Mr. Yushchenko's speech to a joint session of the U.S. Congress Wednesday marked the first such address by a Ukrainian leader and the only one by any leader of a former Soviet republic, except Russia.
The Ukrainian president got a standing ovation from Congress, which he thanked for its support during Ukraine's so-called "Orange Revolution" last December, when a populist uprising forced a second election that brought him to power.
"We highly appreciate the message sent by your country's leadership before the elections and during the Orange Revolution. It was clear and unambiguous. The United States condemned fraud and upheld Ukraine's right to freely elect their government," said Mr. Yushchenko.
Mr.

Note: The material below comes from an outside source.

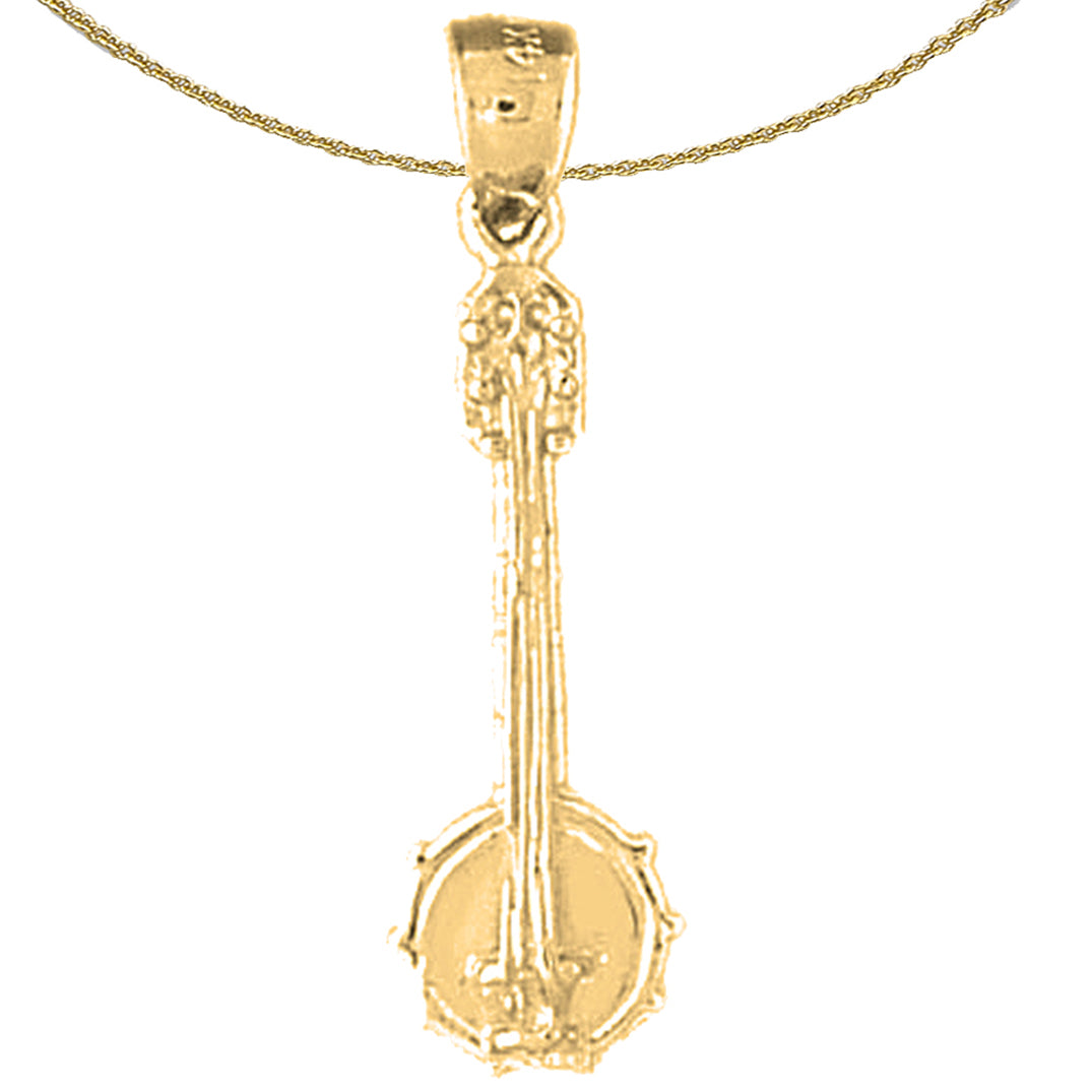 This is an elegant 14K or 18K gold banjo pendant. This 14K or 18K gold pendant measures 33 mm in length by 8 mm in width. Measurement includes bale. JewelsObsession creates all gold jewelry in our state of the art manufacturing facility.

Yushchenko's rise to power included a near-fatal dioxin poisoning that left his face deeply scarred; a poisoning he says was an assassination attempt by his Kremlin-backed opponent.
He told Congress that despite the struggles Ukraine has faced in the past, it is committed to a future that includes political transparency and the protection of civil liberties and minority rights.
Mr. Yushchenko said, "My goal is to place Ukraine in the forefront of prosperous democracies. My vision of the future is a Ukraine in a united Europe. We view accession to the European Union as an opportunity to realize the potential of our country. For us, a European future is a powerful incentive to attain high political, social and economic standards. We have observed the openness of European doors -- adding to our neighbors confidence. It would be unfair to deprive Ukraine of this chance."
The Ukrainian president asked Congress to remove Cold War trade restrictions, as the country seeks to rebuild its economy. He also urged strong U.S. support for Kiev's bid to join the World Trade Organization this year, and the NATO defense alliance in the near future.
President Bush has voiced support for these moves -- often citing Ukraine as a model of peaceful democratic reform.
The U.S. president met privately with his Ukrainian counterpart Monday. The two leaders talked about Ukraine's decision to complete a troop withdrawal from Iraq by the end of this year -- a move President Bush says is understandable.